I'll note that some of the numbers really seem wonky, but I'm not the one who tested them so I'll just accept it. Regardless, they're all extremely high, except for Cure V. Additional RawStat has almost no impact.



Changes that I would make:

Change RawStat required for soft cap:
Cure 1: 60
Cure 2: 110
Cure 3: 180
Cure 4: 220
Cure 5: 320

to

Cure 1: 60
Cure 2: 120
Cure 3: 180
Cure 4: 240
Cure 5: 320

This gives a little more headroom on the fastest-scaling area for cures 2 and 4.

I'd then change the scaling for the soft cap zone from 4/4/4/4/1 to 4/4/4/2/1, giving Cure IV a better scaling rate in that area (keeping the RawStat required to reach the hard cap). The amount cured by each at their respective hard caps would then be:

Cure 1: 30
Cure 2: 110
Cure 3: 190
Cure 4: 465
Cure 5: 690

Which gives a fairly substantial boost to Cure IV, a near 20% increase in amount cured at its cap.

Then look into the post-hard cap scaling. Personally, I'd aim for about +10% cured per +100 RawStat. That would put their respective scalings at:
Cure 1: 33
Cure 2: 9
Cure 3: 5
Cure 4: 2
Cure 5: 1.4


Then the total amount cured at 480 RawStat for each of them would be:
Cure 1: -10 + 60/2 + 40/4 + 360/33 = 40
Cure 2: 20 + 120/2 + 60/4 + 300/9 = 128
Cure 3: 70 + 180/2 + 120/4 + 180/5 = 226
Cure 4: 165 + 240/(4/3) + 240/2 + 0/2 = 465
Cure 5: 330 + 320/(4/3) + 120/1 + 40/1.4 = 718

Which, if you add 50% cure potency, would give:
Cure 1: 60
Cure 2: 192
Cure 3: 339
Cure 4: 697
Cure 5: 1077

Between the caps and the scaling, cures 1-4 gain the equivalent of somewhere around 15%-20% cure potency, putting Cure IV at roughly the equivalent of unbuffed lvl 75 Cure V's, and Cure III at a bit below lvl 75 Cure IV's. In other words, a functionally useful amount cured (over 1000 cured with Cure IV+III) without going overboard into whm's territory.

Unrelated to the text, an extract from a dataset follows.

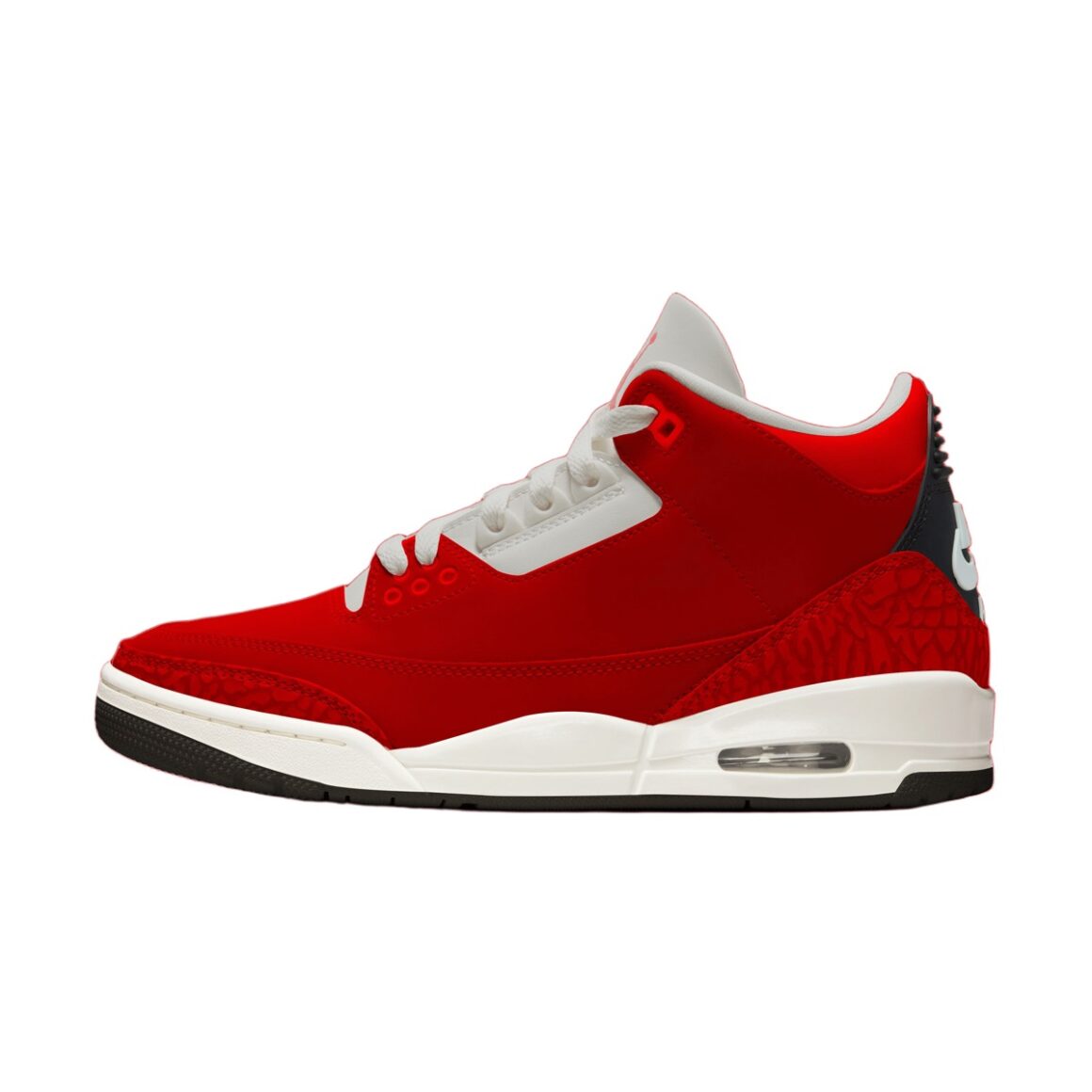 La Air Jordan 3 Santa 2026 se distingue avant tout par sa palette inspirée de la saison des fêtes. La tige de la sneaker se pare de cuir suédé doux rouge, contrasté en matière par du cuir lisse rouge perforé sur le col de cheville. Le cuir blanc des passages de lacets est également perforé et rappelle la languette, surmontée d’un Jumpman rouge. Les garde-boues rouges gardent l’iconique Elephant Print en motif et évoquent la longue histoire de cette troisième Air Jordan. Le talon en TPU noir est orné d’un logo Nike Air blanc, ce qui ne manquera pas de ravir les aficionados de rétros OG. La paire repose sur une semelle intermédiaire blanc cassé, ainsi que sur une semelle extérieure noire. L’absence de visuels officiels n’empêche pas d’imaginer d’autres détails évoquant la saison de Noël.
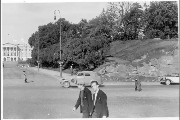 Krysset Frederiks gate og Slottsbakken mot Det kongelige slott. Lyktestolper (Kandelaber GM 18 montert i 1920 årene) dekorert med blomster. Nisseberget med trær og grønne plener. Mennesker (til jobb) og biler i gata. Slottsparken.

It's enough to be sufficient for lightly to moderately difficult fights, but still keeps whm as who you want for very difficult fights (shift down the scale depending on quality of mage, tank and/or DD, of course).


That would be my initial suggestion for adjusting healing abilities with an eye towards rdm and sch (with sch getting the extra edge of light weather). After that they can add extra things such as sch's enhanced regens, etc.